Con la realidad en contra, pero armado de convicción, Alejandro Solalinde ha asumido la protección de los centroamericanos que deciden atravesar México en busca de mejores condiciones. En un recorrido de cientos de kilómetros, él es a veces el único descanso.

©iStockphoto.com/quisp65

En Ixtepec, un pueblito de 23 mil almas clavado en el Istmo de Tehuantepec, el calor aletarga la actividad de los cuerpos. Las mujeres pululan por el mercado con sus vestidos de tehuanas, trenzas negras con listones de colores, bordados amarillos y rojos en las faldas que llegan al suelo. Los hombres entran y salen de las cantinas y ríen de sus ocurrencias, se palmean los hombros, cruzan miradas de complicidad y condescendencia rupestre.

A lo lejos, avanzando a jalones desde las montañas del sur, el tren viene cargado de carne humana. Los migrantes se amontonan en los techos de los vagones, con las miradas tratando de ver hacia el frente, más allá de la máquina. Es gente que viene de lejos, de las barracas de Tegucigalpa, las cañadas de Usulután, la selva guatemalteca. Todos llegan rendidos, sudados, somnolientos, los párpados semicerrados y los pies descalzos.

Cuando el tren pasa de largo hacia la estación, en las orillas de la ciudad, un hombre sale lleno de alborozo a recibir a los migrantes. Como si los conociera de tiempo atrás. O más bien, como si los reconociera al pasar. Es un párroco de traje blanco impecable, la figura delgada, una cruz de madera en el pecho. Alejandro Solalinde agita los brazos, les hace señas de bienvenida, les dice llevándose la mano a la boca que en esa casa hay comida. Los viajeros se acercan, unos con cierto recelo, otros un poco más confiados —los que sabían de la existencia del párroco—, todos con un cargamento extenuante de hambre y de sueño. Muchos bajan de tren, echan al lomo sus escasas pertenencias, arrastran los pies curtidos hacia el albergue.
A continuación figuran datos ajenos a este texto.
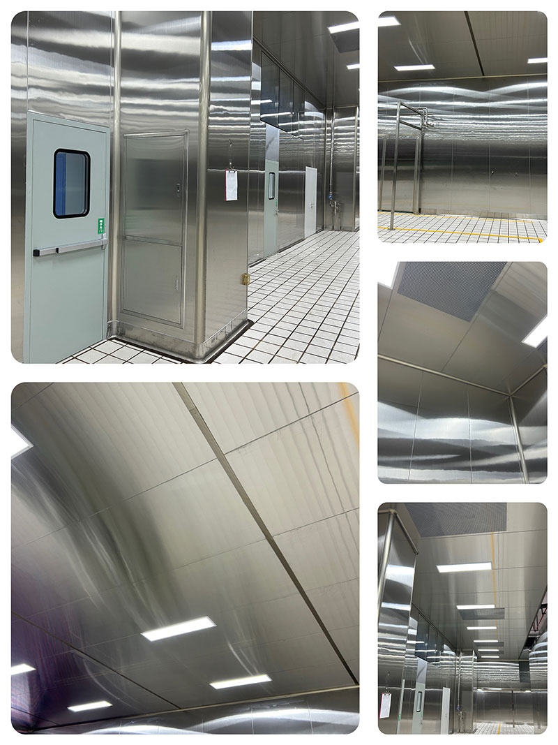車(chē)間全部采用304不銹鋼板材安裝墻面和頂面,下部安裝有不銹鋼防水墻

Hermanos en el Camino es una construcción elemental, que sigue las tradiciones de los viejos mesones. Con la diferencia de que ahí no se cobra. La gente que trabaja en el albergue son voluntarios, quieren hacer algo bueno en la vida, reciben a los migrantes como si fueran familiares venidos de lejos. Les estrechan las manos con cordialidad, comprensión y respeto. Los tratan, fuera de protocolos, como personas. A su ingreso, cada visitante es registrado, obtiene una credencial que constituye tal vez el primer documento en su vida, tiene derecho a un baño y a un lecho para descansar. Todos reciben alimentos gratuitos. Es la primera vez que alguien los trata así. Con amabilidad. Con decencia. Sin gritos ni golpes.
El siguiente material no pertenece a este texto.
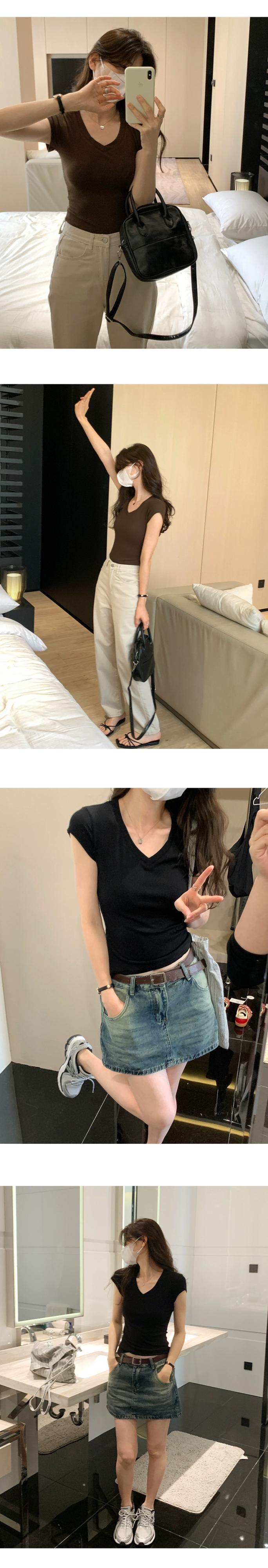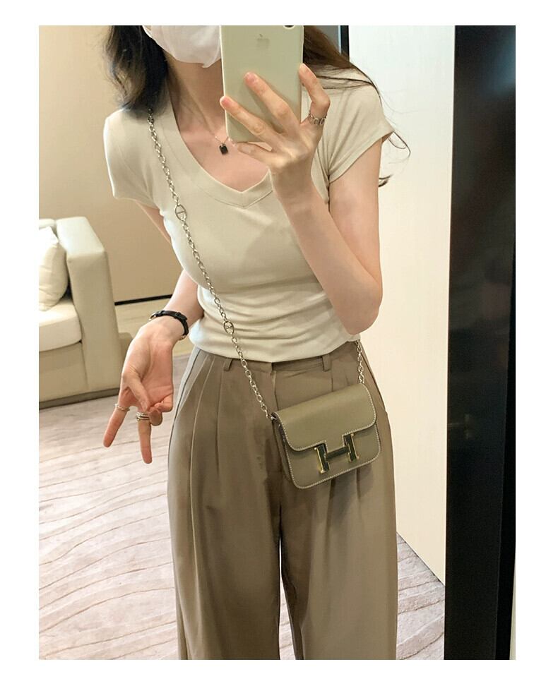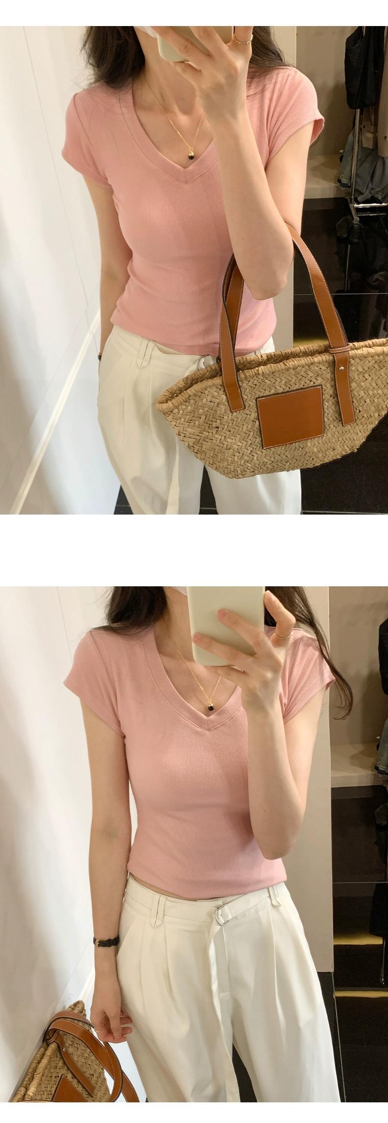純粋な綿の右肩半袖 T シャツの女性の夏、ハイエンド、スリムで多用途、基本的なロー V ネック トップ グレー コットン サマー 夏物 Vネック Tシャツ 7460050657604333 | framboise21

Luego viene lo más extraño de esa singular escala: ya descansados y comidos, el sacerdote que atiende el lugar reúne a todos los migrantes en una pequeña capilla. Y ahí les dice que ellos, los muertos de hambre de Centroamérica, los rechazados por todo el mundo, son seres privilegiados. Que tienen una misión suprema en la vida. Que son enviados de Dios para salvar el corazón podrido de Estados Unidos. Que ellos son la semilla del amor, los valientes del alma, los apóstoles que reivindicarán el humanismo olvidado por la idolatría al dinero. Que ellos salvarán al pueblo norteamericano de las cadenas de la banca, de la explotación capitalista, del mundo desquiciado de las finanzas. Que están llamados a realizar una tarea suprema.

¿Quién es este hombre?

Alejandro Solalinde es un cristiano en el sentido más ortodoxo del término. Un hombre que sigue el ejemplo de Jesús. Al igual que él, ha tenido una vida privada y otra pública. En su vida privada, era un perfecto desconocido. En su vida pública, ha llenado las páginas de los diarios por su compromiso total, su entrega a los miserables, su bravura, su desacato a todos los poderes, las jerarquías, las simulaciones.

¿No es extraño debutar en cualquier campo a los 60 años de edad?
“Sí, a mí me resulta también extraño —dice y sonríe—. Antes era yo un párroco burgués, acomodaticio, conformista, que vivía una vida cómoda como lo hace, desgraciadamente, la mayoría de los sacerdotes. Pero siempre tuve interés por el ser humano. Por eso estudié filosofía, estudié historia, quise saberlo todo sobre los hombres. Y entonces, cuando crucé la barrera de los 60 años de edad, quise ir a morir entre los migrantes. Los migrantes son un buen terreno para morir. Y cuando hablo de morir, me refiero a dar mi vida por ellos.”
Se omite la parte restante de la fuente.